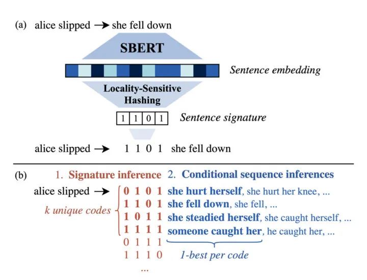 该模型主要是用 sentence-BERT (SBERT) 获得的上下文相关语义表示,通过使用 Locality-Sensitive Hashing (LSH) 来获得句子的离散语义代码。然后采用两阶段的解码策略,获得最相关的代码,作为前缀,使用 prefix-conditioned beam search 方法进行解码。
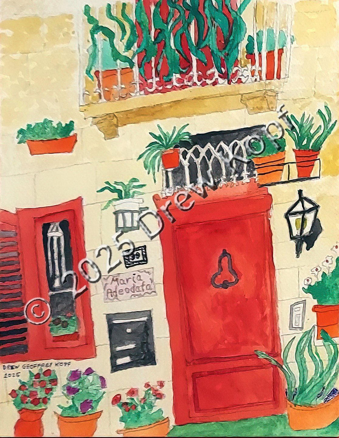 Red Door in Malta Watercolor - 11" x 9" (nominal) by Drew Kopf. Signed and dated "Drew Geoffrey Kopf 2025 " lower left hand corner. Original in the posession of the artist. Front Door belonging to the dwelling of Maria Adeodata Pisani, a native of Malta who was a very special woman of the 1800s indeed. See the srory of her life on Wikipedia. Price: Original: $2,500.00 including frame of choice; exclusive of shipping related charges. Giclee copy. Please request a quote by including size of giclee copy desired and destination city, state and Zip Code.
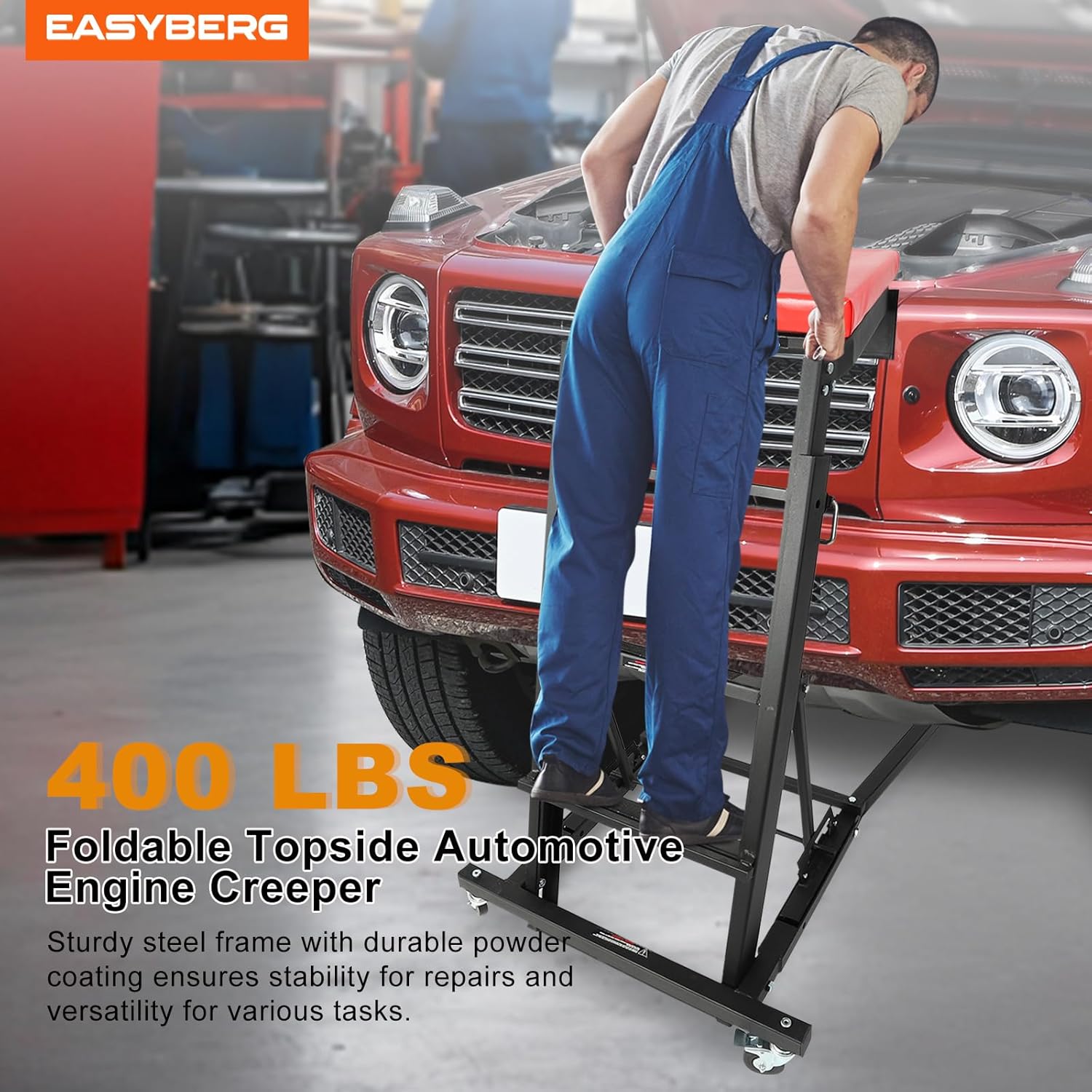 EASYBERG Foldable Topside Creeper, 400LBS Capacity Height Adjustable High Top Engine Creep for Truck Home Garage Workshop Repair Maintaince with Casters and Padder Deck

______________________________

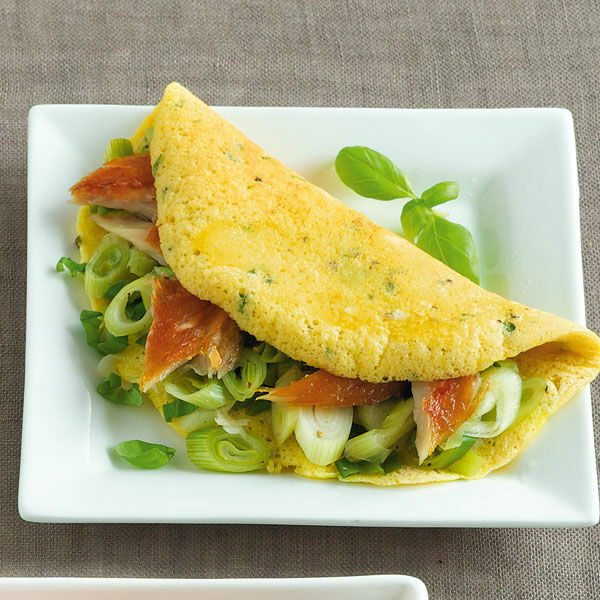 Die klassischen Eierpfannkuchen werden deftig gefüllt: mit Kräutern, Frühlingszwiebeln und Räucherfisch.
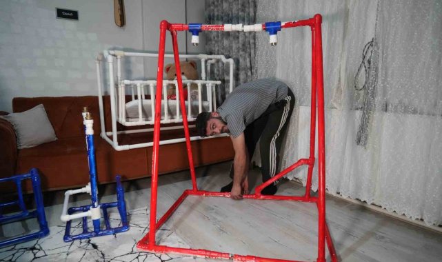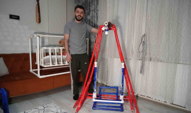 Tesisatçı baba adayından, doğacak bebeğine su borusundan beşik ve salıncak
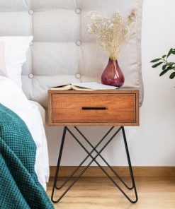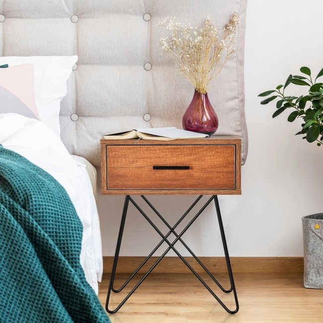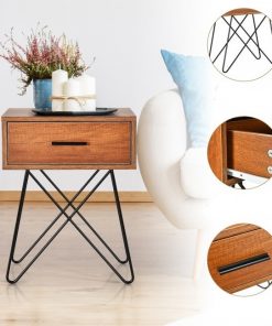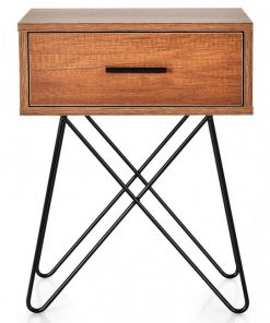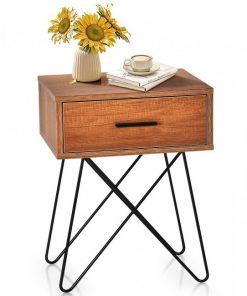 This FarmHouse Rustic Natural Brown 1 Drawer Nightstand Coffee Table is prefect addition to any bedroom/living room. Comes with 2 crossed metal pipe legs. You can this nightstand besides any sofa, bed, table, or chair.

______________________________

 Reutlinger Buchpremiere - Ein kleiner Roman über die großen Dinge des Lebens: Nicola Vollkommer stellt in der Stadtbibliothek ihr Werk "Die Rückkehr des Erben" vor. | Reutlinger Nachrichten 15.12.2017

______________________________

:: Exercise description ::
Text only, no pictures: please print exactly the lines above from the line with "Die klassischen Eierpfannkuchen" up to and including the line with "This FarmHouse Rustic", and nothing else.

:: Finished exercise ::
 Die klassischen Eierpfannkuchen werden deftig gefüllt: mit Kräutern, Frühlingszwiebeln und Räucherfisch.
 Tesisatçı baba adayından, doğacak bebeğine su borusundan beşik ve salıncak
 This FarmHouse Rustic Natural Brown 1 Drawer Nightstand Coffee Table is prefect addition to any bedroom/living room. Comes with 2 crossed metal pipe legs. You can this nightstand besides any sofa, bed, table, or chair.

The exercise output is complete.